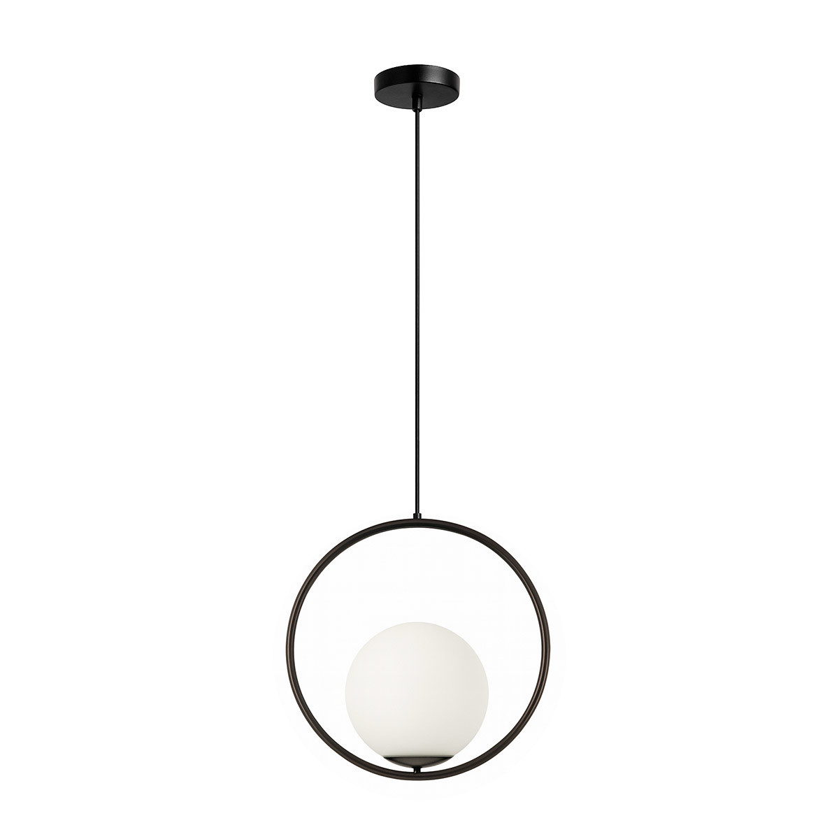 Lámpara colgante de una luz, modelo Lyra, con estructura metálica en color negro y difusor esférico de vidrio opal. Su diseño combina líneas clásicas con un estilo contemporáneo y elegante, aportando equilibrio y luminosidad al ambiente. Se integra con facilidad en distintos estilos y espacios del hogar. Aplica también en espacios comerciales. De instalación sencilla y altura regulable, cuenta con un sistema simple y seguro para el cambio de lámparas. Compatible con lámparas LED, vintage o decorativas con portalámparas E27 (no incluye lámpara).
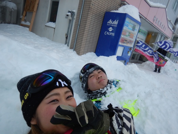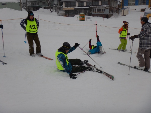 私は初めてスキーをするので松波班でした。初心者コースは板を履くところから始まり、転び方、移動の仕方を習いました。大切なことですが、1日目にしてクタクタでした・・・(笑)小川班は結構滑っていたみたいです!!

- - - - -

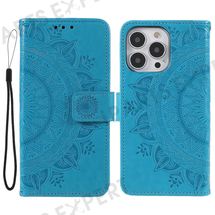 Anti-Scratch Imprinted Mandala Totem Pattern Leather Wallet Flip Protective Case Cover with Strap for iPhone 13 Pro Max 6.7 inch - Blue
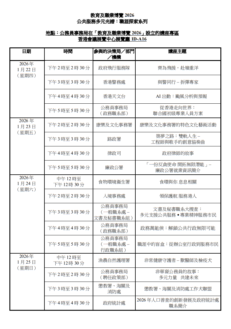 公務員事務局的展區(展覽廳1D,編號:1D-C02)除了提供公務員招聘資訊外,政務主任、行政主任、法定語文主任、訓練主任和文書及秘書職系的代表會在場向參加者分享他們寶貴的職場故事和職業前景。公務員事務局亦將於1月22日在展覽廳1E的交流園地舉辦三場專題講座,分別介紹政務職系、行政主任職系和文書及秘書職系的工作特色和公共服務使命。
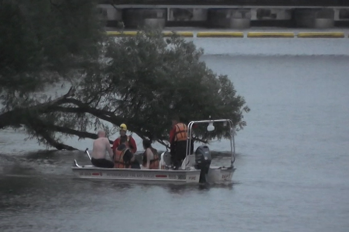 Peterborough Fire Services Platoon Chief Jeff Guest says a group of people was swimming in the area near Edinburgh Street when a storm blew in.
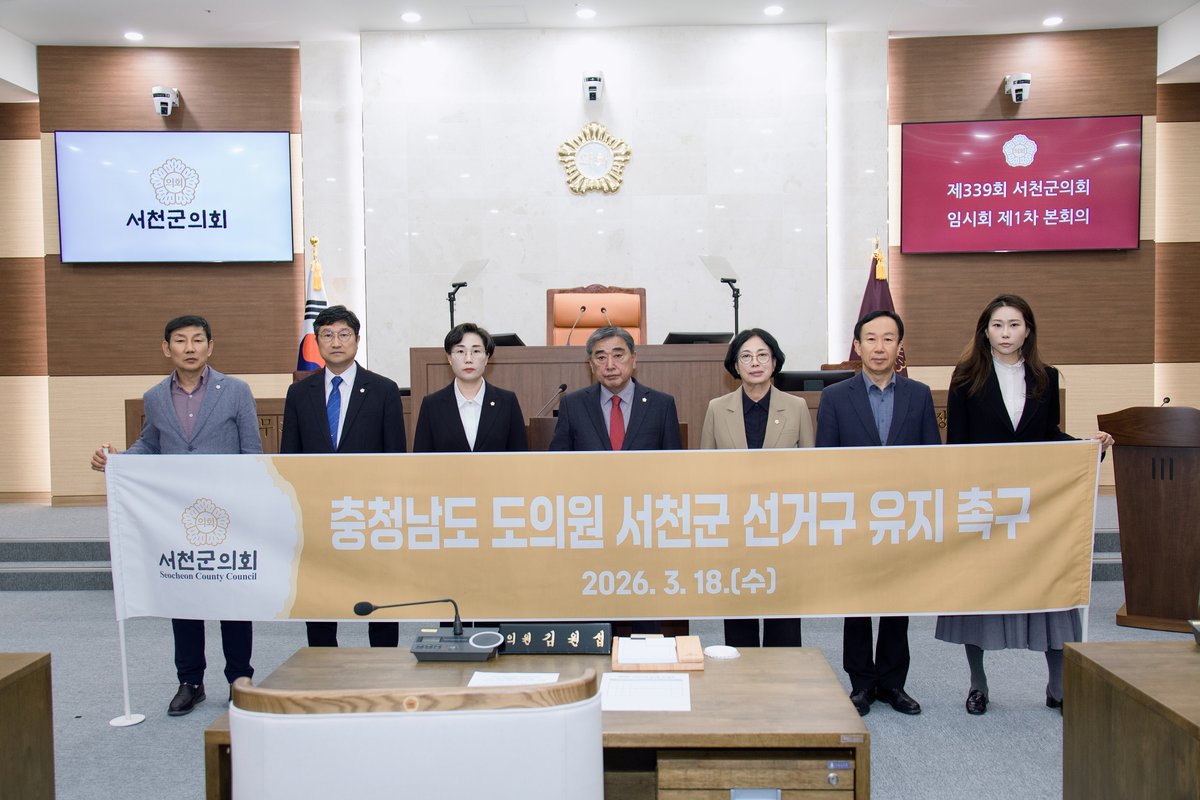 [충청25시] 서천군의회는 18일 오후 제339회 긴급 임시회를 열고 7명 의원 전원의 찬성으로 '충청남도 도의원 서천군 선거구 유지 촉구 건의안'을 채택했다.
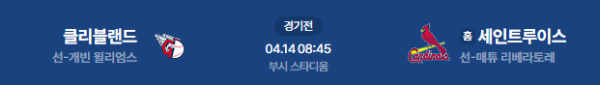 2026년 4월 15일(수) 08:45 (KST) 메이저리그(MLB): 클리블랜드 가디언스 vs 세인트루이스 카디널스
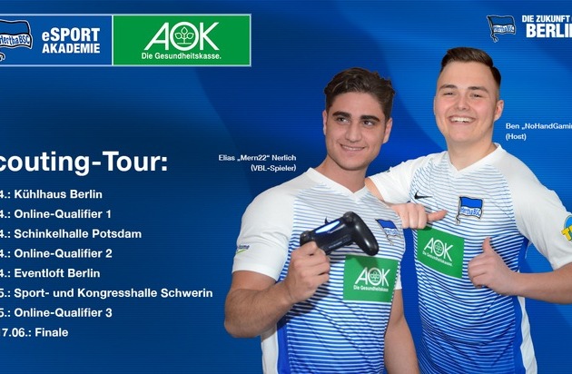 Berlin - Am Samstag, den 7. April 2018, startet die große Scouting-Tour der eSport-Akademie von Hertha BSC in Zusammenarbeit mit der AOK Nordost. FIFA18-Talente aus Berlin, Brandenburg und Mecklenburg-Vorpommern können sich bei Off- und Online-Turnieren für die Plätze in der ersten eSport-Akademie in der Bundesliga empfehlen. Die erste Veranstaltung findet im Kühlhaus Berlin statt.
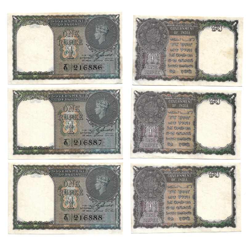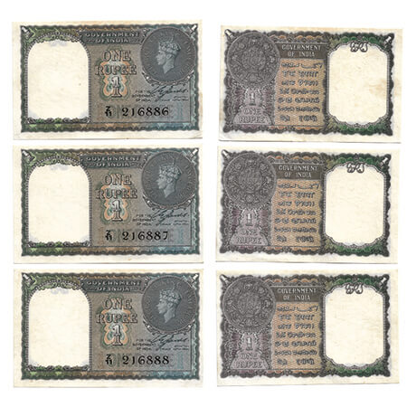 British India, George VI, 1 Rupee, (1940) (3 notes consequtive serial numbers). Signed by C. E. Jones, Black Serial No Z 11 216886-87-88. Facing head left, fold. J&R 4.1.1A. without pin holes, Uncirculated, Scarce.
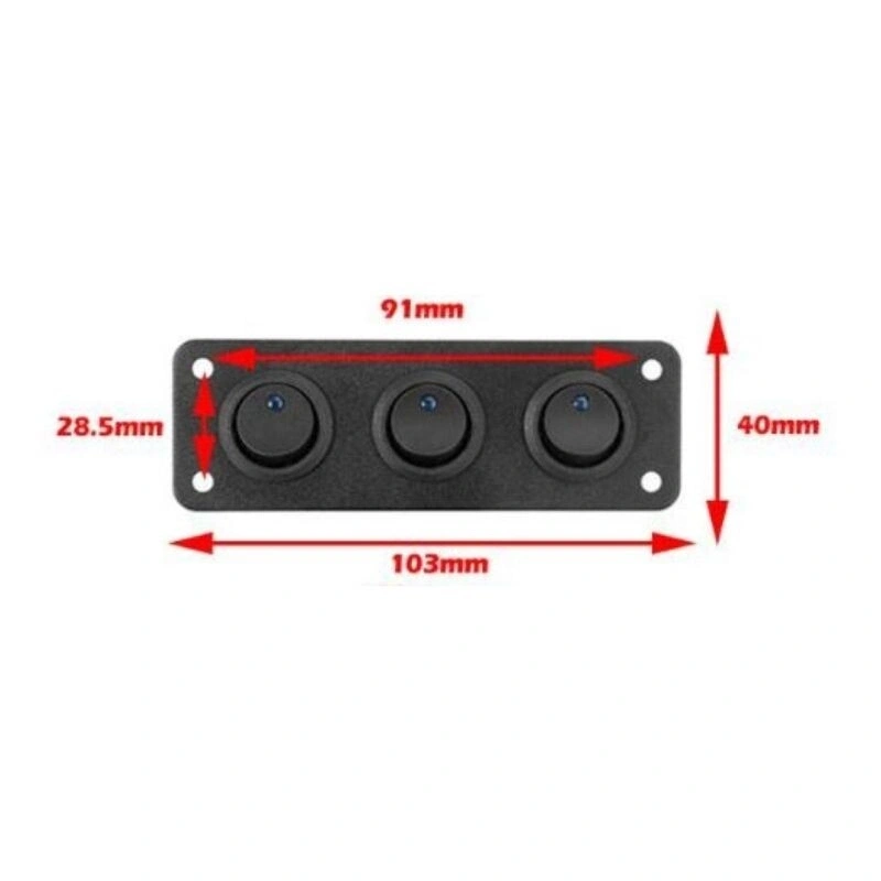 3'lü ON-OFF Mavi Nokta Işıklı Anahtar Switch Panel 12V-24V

- - - - -

What the exercise asks:
Output should consist of the lines above from the one with "Peterborough Fire Services" down to the one with "2026년 4월 15일(수)", exact and without pictures.

Completed task:
 Peterborough Fire Services Platoon Chief Jeff Guest says a group of people was swimming in the area near Edinburgh Street when a storm blew in.
 [충청25시] 서천군의회는 18일 오후 제339회 긴급 임시회를 열고 7명 의원 전원의 찬성으로 '충청남도 도의원 서천군 선거구 유지 촉구 건의안'을 채택했다.
 2026년 4월 15일(수) 08:45 (KST) 메이저리그(MLB): 클리블랜드 가디언스 vs 세인트루이스 카디널스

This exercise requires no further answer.